Wednesday, April 8, 2015

10th August 1799 Order from Horse Guards: GENERAL ORDERS



The issue of the colour of horse to be used in the British heavy cavalry has been the subject of debate on the TMP website. The actual Regulations were recently shared by one of the readers. Since none of us is perfect, but we are all striving to improve, I thought I would share this important Regulation verbatim. I would also add the mea culpa that Carl Robson painted all of my horses the way I asked him to. Clearly I wish I had found this information earlier. 

A word to the wise: check leather harness colour for the horses, colour of the horse itself, docked (nag-tail) or not docked tail, regulations regarding the officer's mount as well as that of the trumpeter.

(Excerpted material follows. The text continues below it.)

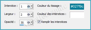 9 - Effets/Effets de Texture/Textile avec ces réglages: couleurs : #027f9c/ #ffffff

From General Charles P. Ainslie's The Royal Regiment of Dragoons – The Historical Record of the First or The Royal Regiment of Dragoons; Chapman & Hall: London, 1887. pp. 106-107, provides the following quote:

 10th August 1799 Order from Horse Guards

"GENERAL ORDERS.

The heavy cavalry, with the exception of the two regiments of Life Guards and Royal Regiment of Horse Guards, are to be mounted on nag-tailed horses.
The First, or King's Regiment of Dragoon Guards; the First, or Royal Regiment of Dragoons; the Third, or King's Own Regiment of Dragoons, are to be mounted on black nag-tailed horses.
The Second, or Queen's Regiment of Dragoon Guards, are to be mounted on nag-tailed horses of the colours of bay and brown.
The Second, or Royal North British Regiment of Dragoons, are to be mounted on nag-tailed grey horses.
All other regiments of heavy cavalry on the British establishment are to be mounted on nag-tailed horses of the colours of bay, brown, and chestnut.
The custom of mounting trumpeters on grey horses is to be discontinued, and they are in future to be mounted on horses of the colour or colours prescribed for the regiments to which they belong.

Harvey Calvert,
Adjutant-General.
Horse Guards

10th August, 1799."



Note: Nag tailed is where the tail is cut short down to one third or one half of natural length. Docked tails are cut right back to the tailbone.